The Price (Software) Is Right
Walmart appears to be smitten not only by the Jet.com brand itself, but by the sophisticated pricing software that has driven the brand since its launch in 2015. While Walmart has never had a problem using its own name to drive consumers to make purchases, Jet.com has what Walmart still doesn’t have at this point: a dynamic pricing algorithm.
“Jet.com’s potential market advantage is in leveraging its consumer facing transparent volume pricing negotiation technology to lock in bigger and more recurring customers, but they were challenged to attract a broader consumer base and to lock in a longer list of suppliers,” said Leslie Hand, VP, IDC Retail Insights in an interview with Retail TouchPoints. “This is a great move for Walmart, because Walmart can use Jet.com’s technology to innovate value pricing and bring it to the masses like only Walmart can. It’s a case of ‘they are both better off together.'”
Jet.com’s dynamic pricing rewards customers for buying multiple items, which decreases shipping costs — a major selling point for the Jet.com brand.
Aside from the pricing software, Walmart will gain access to a new set of warehouses and additional customer data.
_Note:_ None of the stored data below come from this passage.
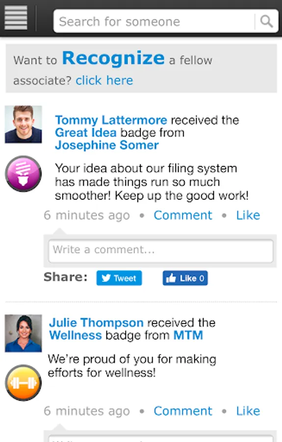 All users can quickly and easily send recognition to a co-worker, view all the recognition you've earned, send e-cards, view co-worker's recognition, check out upcoming anniversaries and birthdays, and even share recognition via Facebook, Twitter and more!
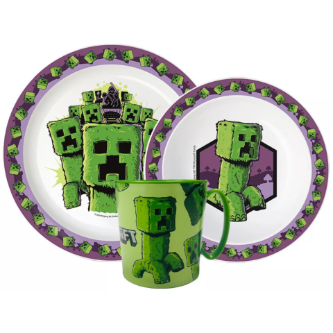 RAKTÁRRÓL AZONNAL! Minecraft étkészlet, micro műanyag szett - BPA mentes - Származási ország: Spanyolország - A termék környezetbarát, újrahasznosítható anyagból készült a Föld védelmében A készlet tartalma: 1 db mélytálka (mikrózható műanyag) 1 db lapos
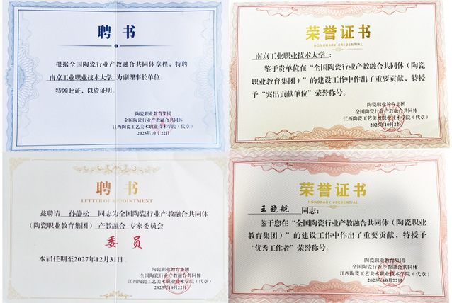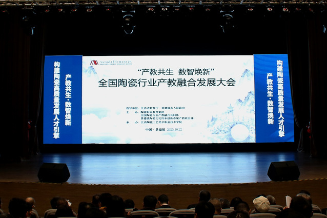全国陶瓷行业产教融合发展大会暨全国陶瓷行业产教融合共同体(陶瓷职业教育集团)换届会议于10月22日在景德镇隆重举行,大会以“产教共生·数智焕新:构建陶瓷高质量发展人才引擎”为主题,共商陶瓷行业产教融合新路径。本次大会有来自全国18个省份的500余名院校代表、企业精英、行业协会专家参加。会上,发布了2025年全国陶瓷行业优秀产教融合案例、共同体(职教集团)专家委员会名单,表彰了突出贡献单位、优秀工作者,并完成了与头部企业签约。必赢官网当选为共同体(职教集团)副理事长单位并被授予突出贡献单位称号,艺术设计学院副院长孙静松当选为共同体(职教集团)专家委员会委员,艺术设计学院工业设计系教师王晓航被授予优秀工作者称号。会上,艺术设计学院还与江西陶瓷工艺美术职业技术学院创意设计学院签约结为战略合作伙伴。同时,王晓航作为职业院校代表在大会专家论坛上作题为《“专业特区-艺术工坊-产业学院”三维融合模式的产教融合新路径》的主题交流发言。
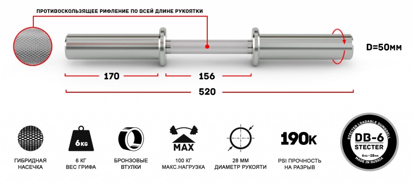 В качестве альтернативы хранению полного набора традиционных гантелей в вашем тренажерном зале, гантельный гриф STECTER DB-6 имеет посадочное место на рукавах длиной 170 мм, что позволяет спортсменам выполнять точные индивидуальные регулировки веса при тренировке с гантелями, используя любые стандартные олимпийские диски в виде утяжелителей. Рукава и рукоятка грифа покрываются белым цинком. Противоскользящее рифление наносится на всю длину рукоятки.
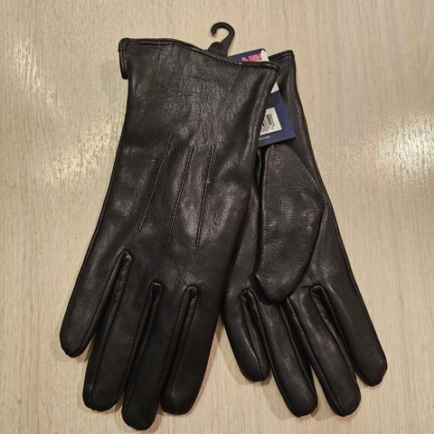 Flotte håndsydde hansker. Ikke brukt. Med lapp på. Sort skinn med lammeskinnsfor.
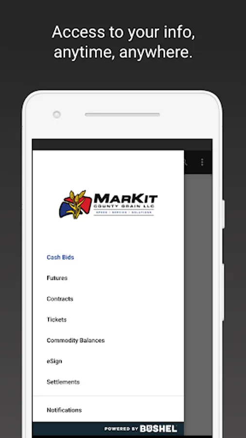 The MarKit County Grain app is free, secure, and developed by the industry-leading Bushel platform.
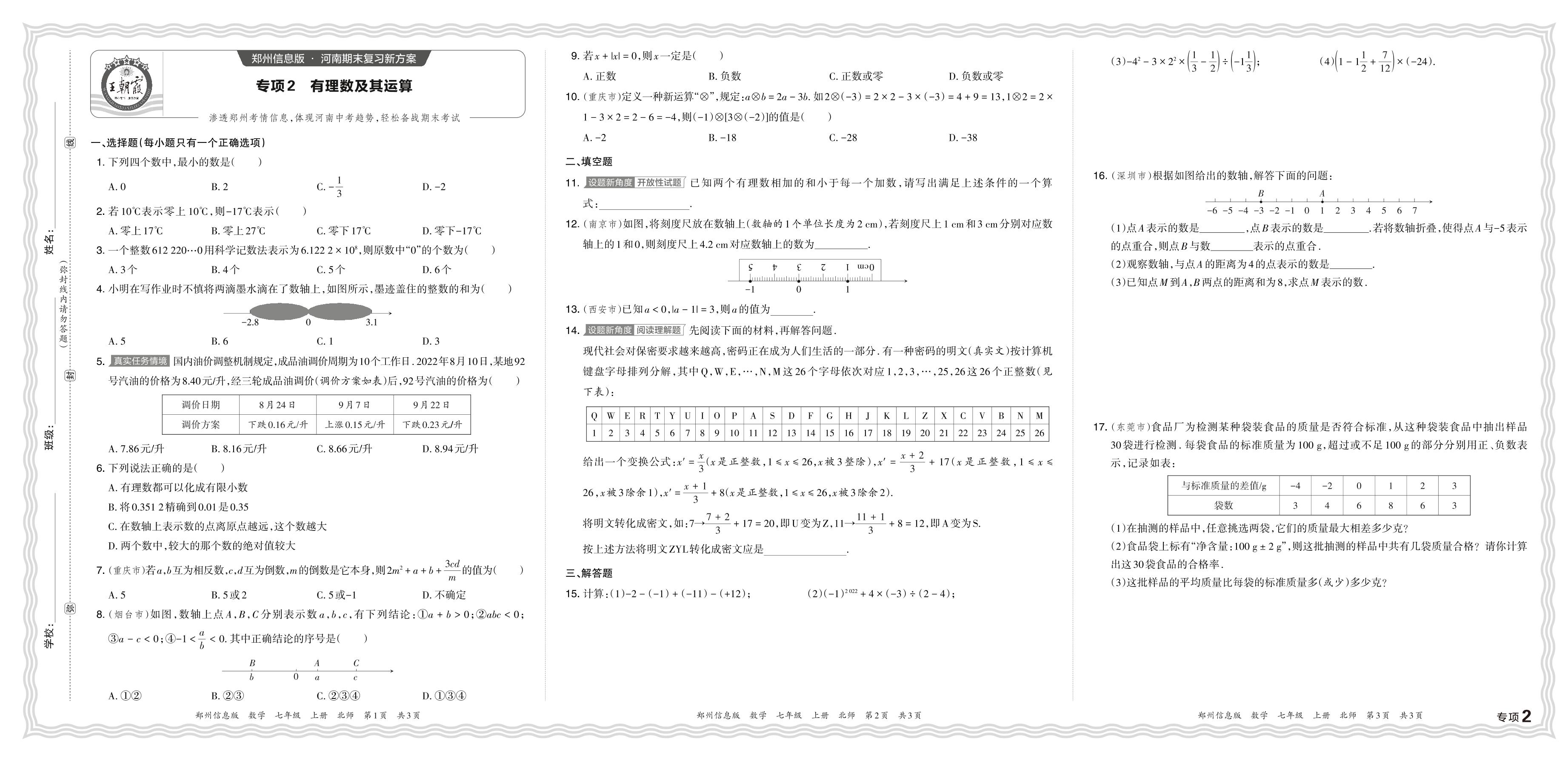 2023秋上册七年级数学北师版 期末专项卷·有理数及其运算【2】
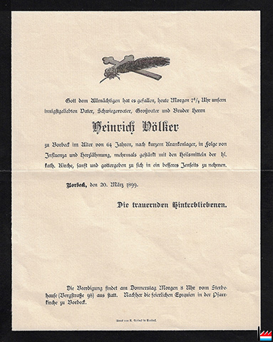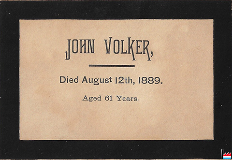 ![]() JOHN VOLKER Died August 12th, 1889. Aged 61 Years. (Collection Aschman-Bodson, Luxembourg) Décès à Monongahela, Pennsylvanie (USA) de John (Johan) Francis (Franz) Volker (Voelker) (* 2.8.1828 à Essen), époux de Johanna Catherina Elisabeth Ebbinghaus (* 4.12.1833 à Lünen, Westphalie ; † vers 1904 à Monongahela), postérité, et frère de Léonard Guillaume Voelker-Stadtfeld. |
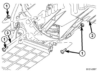 26. Position the heat shield (2), if equipped, onto the transmission housing and install the screw (1) and bolt (3) to hold the shield in place.
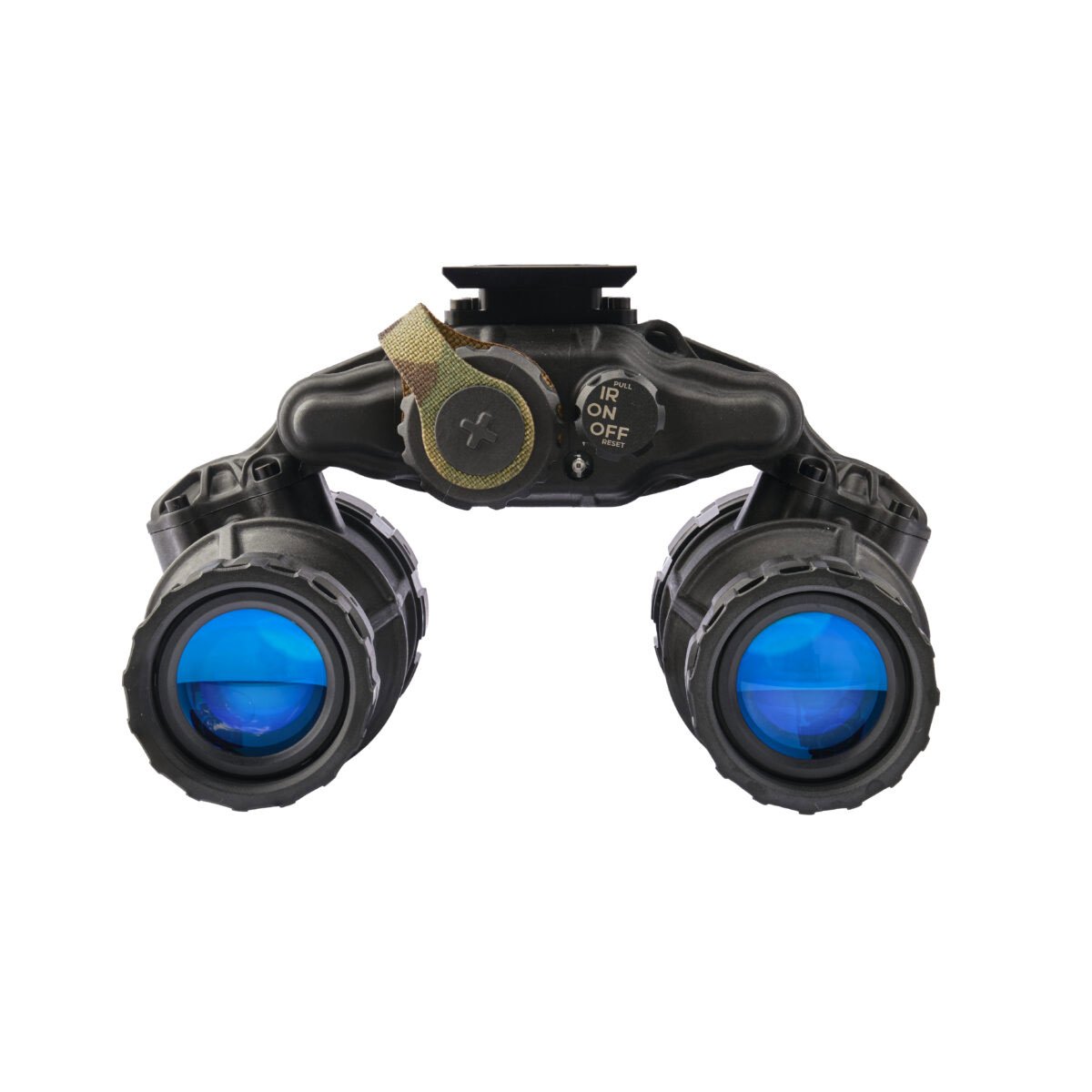 Les binoculaires DTNVS combinent des matériaux légers et un profil bas lorsqu'elles sont repliées sur le casque, ce qui réduit la fatigue du cou lors de missions prolongées. Les binoculaires DTNVS disposent d'un ensemble complet de fonctionnalités avec ON/OFF individuel sur le côté pour chaque oculaire et Flip-Up ON/OFF quand il est replié pour éviter les éclaboussures sur le casque. Pour compléter les fonctionnalités des DTNVS, il intègre une LED IR intégrée pour les missions rapprochées avec un indicateur IR-ON séparé et un indicateur de batterie faible dans le champ de vision. Pas de port de batterie externe - Pourquoi ? Le DTNVS utilise des piles CR123A standard que l'on trouve couramment dans les lasers ou les lampes de poche. Une seule batterie fournit plus de 25 h d'autonomie. Cependant, comme les pods s'éteignent lorsqu'ils sont retournés et réduisent donc de moitié la consommation d'énergie, la plupart des utilisateurs signalent jusqu'à 35 h sur une seule batterie.

The access to a new set of customer data is vital for Walmart, since the brand has been challenged to reel in higher-income shoppers.
According to NPD Group’s Checkout Tracking, Jet.com buyers are more likely than other online buyers to have incomes greater than $150,000 per year, and only one-fifth of Jet.com buyers also have purchased from Walmart.com in the most recent six-month period.
Walmart and Jet.com will maintain distinct brands after the acquisition, with Walmart.com working as an extension of the Walmart brand offering and Jet.com focusing more on a differentiated customer experience with diverse curated assortments.
Doubt Still Remains
Not every industry analyst is convinced about the value of the Walmart acquisition, with many noting that the move doesn’t actually do much to differentiate the Walmart brand. Dianne Inniss, Customer Experience and Innovation Strategist, ThoughtWorks Retail, shared similar thoughts:
“We’re a little skeptical of this play,” said Inniss. “While Jet.com’s deeply discounted pricing model fits Walmart’s low price strategy, we don’t believe that this marriage offers anything truly differentiated or new to the market. Compared to the Amazon.com powerhouse, this marriage still has a long way to go. Amazon has been moving away from price as a differentiator in favor of seamless convenience and deeper integration of its products and services into customers’ lives. While Walmart will acquire some interesting pricing technology and the e-Commerce capabilities that it has struggled to develop, this investment won’t be a game changer in the battle against Amazon, which still accounts for half of all e-Commerce growth.”
Even Forrester’s Silverman expressed concerns regarding the long-term viability of the acquisition, based on Jet.com’s unproven ability to not only attract but to retain consumers: “If the majority of sales are coming from first time buyers, as some firms have stated, then their model is reliant on heavy acquisition costs…another anchor on the business model.”
“The deal only makes sense to Walmart if they can acquire new customers at a reasonable cost per acquisition (CPA),” Silverman added. “Yes, Walmart would get the ‘smart cart’ and dynamic pricing engine, but the business model will need to be altered to allow Walmart to make a profit.”